Informacoes sobre ordens
| Nome do Produto | Numero de Catalogo | UNID | Preco | Qde | FAVORITOS | |
GABAC Rρ2 Plasmídeo duplo de Nickase (h) | sc-404955-NIC | 20 µg | $410.00 | |||
GABAC Rρ2 Plasmídeo duplo de Nickase (h2) | sc-404955-NIC-2 | 20 µg | $410.00 |
GABRR2 codifica o receptor humano GABA\(_C\) rho2 (GABA\(_C\) Rρ2), um canal de cloreto ativado por ligante da família de receptores Cys-loop que medeia a neurotransmissão inibitória. Após a ligação do GABA, receptores contendo rho2 conduzem Cl⁻, modulando a excitabilidade da membrana e a sinalização sináptica, influenciando a atividade dos circuitos e o processamento de informação neuronal. A função do GABA\(_C\) Rρ2 cruza-se com vias GABAérgicas mais amplas que regulam o equilíbrio entre excitação e inibição e estados de rede dependentes da atividade. A desregulação da sinalização inibitória e alterações nos padrões de expressão de subunidades de receptores são estudadas no contexto de mecanismos de doenças neurológicas e neuropsiquiátricas, sustentando a investigação contínua de GABRR2 na função e disfunção cerebral.
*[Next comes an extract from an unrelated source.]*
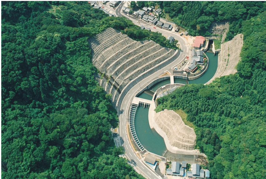
小規模河川水路トンネル改修道路改良合併工事

河川の水量確保や水害防止などを目的とした河川護岸工事は、さまざまな建設技術が必要とされる難易度の高い土木工事です。当社は、地盤改良技術や斜面安定技術、治水・利水技術、特殊杭打功法などの諸技術において、数々のダム建設で蓄積したノウハウを駆使し、質の高い工事を実施しています。また徹底した工事管理による合理化で安全性の高い作業体制も特色のひとつ。独自の技術と作業システムで、河川環境の整備を着実に進めています。

GABAC Rρ2 O Plasmídeo de Nickase Dupla (h) consiste num par de plasmídeos combinados, concebidos para a edição de alta especificidade do locus GABRR2 em linhas celulares human. Cada plasmídeo expressa uma nickase Cas9 D10A e um sgRNA distinto que tem como alvo cadeias de ADN opostas dentro de GABRR2. Quando direcionadas para locais adjacentes em cadeias de ADN opostas, as duas nickases geram cortes deslocados numa única cadeia que, em conjunto, produzem uma quebra escalonada de cadeia dupla, exigindo uma atividade coordenada no alvo por parte de ambas as guias. A quebra de ADN resultante é resolvida por vias de reparação celular endógenas, mais frequentemente através da junção de extremidades não homólogas (NHEJ), levando a inserções ou deleções que perturbam a função GABRR2. Ao exigir o envolvimento de dois sgRNA no locus alvo, a abordagem de dupla nickase aumenta a especificidade da edição e fornece uma estratégia CRISPR complementar para aplicações em que se deseja um controlo adicional sobre a precisão do direcionamento.
Para apoiar a identificação eficiente das células editadas, um plasmídeo codifica GFP para visualização fluorescente das populações transfectadas, enquanto o plasmídeo complementar transporta um gene de resistência à puromicina para seleção antibiótica. Em conjunto, estas características apoiam o enriquecimento eficiente das populações co-transfectadas e simplificam a validação dos clones com GABRR2 interrompido.
Apenas para uso em investigação. Não se destina a uso diagnóstico ou terapêutico.